Uma empresa de Minas Gerais vendeu ao laboratório do Exército Brasileiro (LQFEx) ao menos dois lotes de insumos importados para a fabricação de cloroquina por um valor 167% mais alto do que ela mesma tinha cobrado em venda à mesma instituição dois meses antes. O custo total desses contratos mais caros foi de R$ 782,4 mil aos cofres públicos.
Documentos obtidos com exclusividade pela CNN revelam que o laboratório do Exército não contestou formalmente esse aumento no preço e só cobrou explicações por escrito à empresa depois de a compra, já finalizada, ter virado alvo de uma investigação no Tribunal de Contas da União (TCU).
Na semana passada, a Procuradoria-Geral da República também recebeu uma denúncia sobre a compra e analisa se vai instaurar inquérito. Para especialistas, a falta de justificativa para o aumento de preço dentro de um processo de compra pública pode configurar improbidade administrativa.
O Laboratório Químico e Farmacêutico do Exército já fabrica a cloroquina há anos para tratamento de malária, mas entrou em evidência em 2020 ao ampliar a produção para atender às demandas de distribuição do Ministério da Saúde de tratamento para a Covid-19. O remédio não tem eficácia comprovada contra a doença.

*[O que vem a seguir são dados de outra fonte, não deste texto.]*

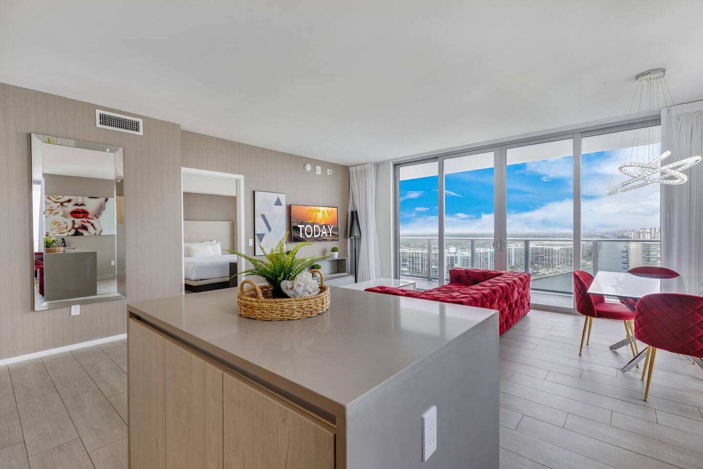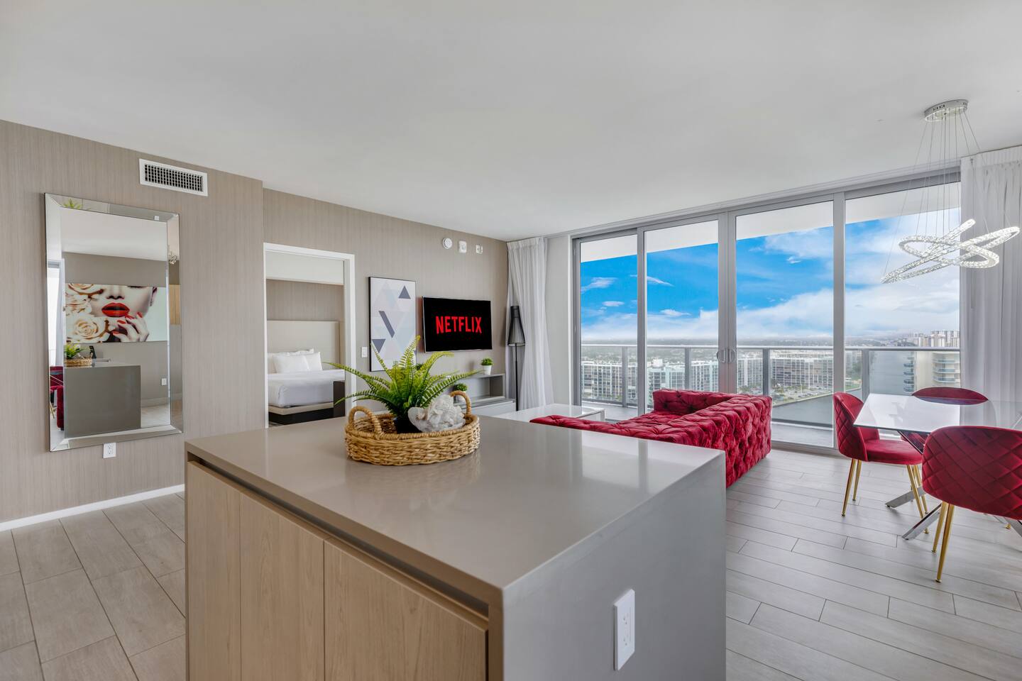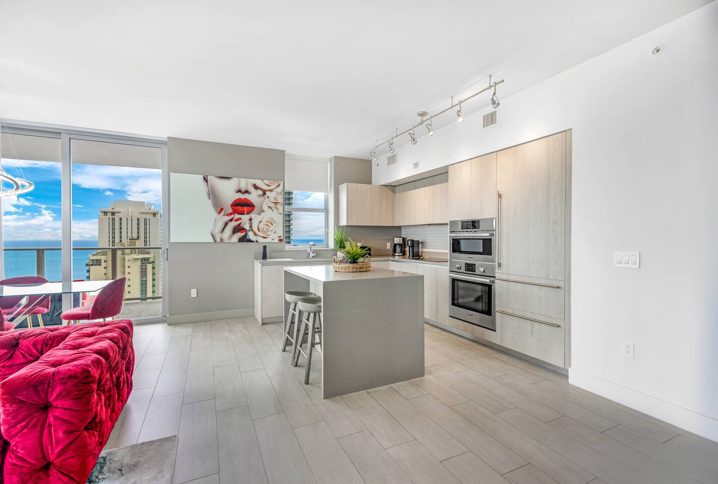 ✨Soak in stunning views, enjoy premium amenities, and embrace the dynamic city energy just outside your door. This superbly styled condo offers the perfect luxurious getaway, ideal for families, friends, or couples seeking a high-end Florida retreat. The property features world-class resort amenities, including a rooftop pool deck, outdoor movie theater, tennis court, and fitness center overlooking the Intracoastal. Whether you’re planning a relaxing escape or a romantic stay, you’ll feel right at home in your personal paradise. ⚠️Kindly review and agree to everything described in "Other things to note"⚠️ ⸻ 🛋️ Living Room: The bright and modern living room offers a comfortable space to relax and unwind, featuring a plush sofa that folds into a queen-size bed and a flat-screen TV for entertainment. Floor-to-ceiling windows open to the private balcony, where you can take in breathtaking water and city views stretching across the skyline. ⸻ 🥂Dining Area: The elegant dining area features a modern glass table with seating for four, perfectly positioned beside floor-to-ceiling windows that showcase beautiful city and water views. It’s an inviting space to share meals, enjoy morning coffee, or take in the stunning scenery while dining in comfort. ⸻ 🍳 Kitchen: The sleek, fully equipped kitchen features high-end stainless steel appliances, modern cabinetry, and a spacious island for meal preparation or casual dining. Large windows fill the space with natural light, creating a bright and inviting atmosphere perfect for cooking or enjoying morning coffee with a view. ⸻ 🛏️ Master Bedroom(Intercostal/Side ocean view): The luxurious master suite features a king-size bed with premium linens, a spacious walk-in closet, and a private bathroom with a separate shower and soaking tub. Floor-to-ceiling windows open directly onto the balcony, offering breathtaking views of the city and water. A stylish workspace and flat-screen TV complete this elegant retreat designed for both comfort and relaxation. ⸻ 🛏️ Second Bedroom(Direct ocean view): The stylish second bedroom features a comfortable double bed with an additional pull-out floor mattress, making it perfect for extra guests. Large windows showcase beautiful city and ocean views, filling the room with natural light. A dedicated working space and flat-screen TV provide both comfort and convenience, with a bathroom conveniently accessible from the living room, right by the bedroom entrance. ⸻ 🛁Master Bathroom: The spacious master bathroom, located within the master bedroom, features a sleek double vanity, glass-enclosed shower, and a relaxing soaking tub. Elegant finishes and soft lighting create a spa-like atmosphere, offering the perfect place to unwind after a day of sun and city adventures. ⸻ 🛁Second Bathroom: The modern second bathroom is conveniently located right next to the second bedroom and accessible from the living area. It features a sleek glass-enclosed shower, elegant vanity, and contemporary finishes, providing both comfort and style for guests. ⸻ 🌅Private Balcony: The expansive wraparound balcony offers breathtaking panoramic views of the ocean, city skyline, and Intracoastal Waterway. With multiple seating areas, it’s the perfect place to enjoy morning coffee, unwind at sunset, or simply take in the vibrant beauty of South Florida from every angle. ⸻ 🧺 Washer/Dryer: In-unit washer and dryer available for your convenience.

O grupo Sul Minas, representado pelas empresas Sul Minas Suplementos e Nutrição e Sul de Minas Ingredientes, forneceu ao Exército 300 kg de difosfato de cloroquina, a base do remédio, por R$ 488/kg no mês de março de 2020, mesmo preço de um registro licitado em 2019.
Dois meses depois, em maio, a mesma empresa vendeu 600 kg do produto ao governo por R$ 1.304/kg, sob a alegação de que os custos internacionais subiram, já que ela não fabrica o insumo, mas somente o importa da Índia.
Marcelo Luis Mazzaro, um dos responsáveis pela empresa, alegou em carta ao laboratório no dia 21 de julho, depois da venda, que a fabricante e fornecedora do produto, a IPCA, teria elevado seu preço em 300% em março de 2020 e em 600% em abril, somado ao aumento de 300% no custo do frete internacional e a variação cambial de 45%.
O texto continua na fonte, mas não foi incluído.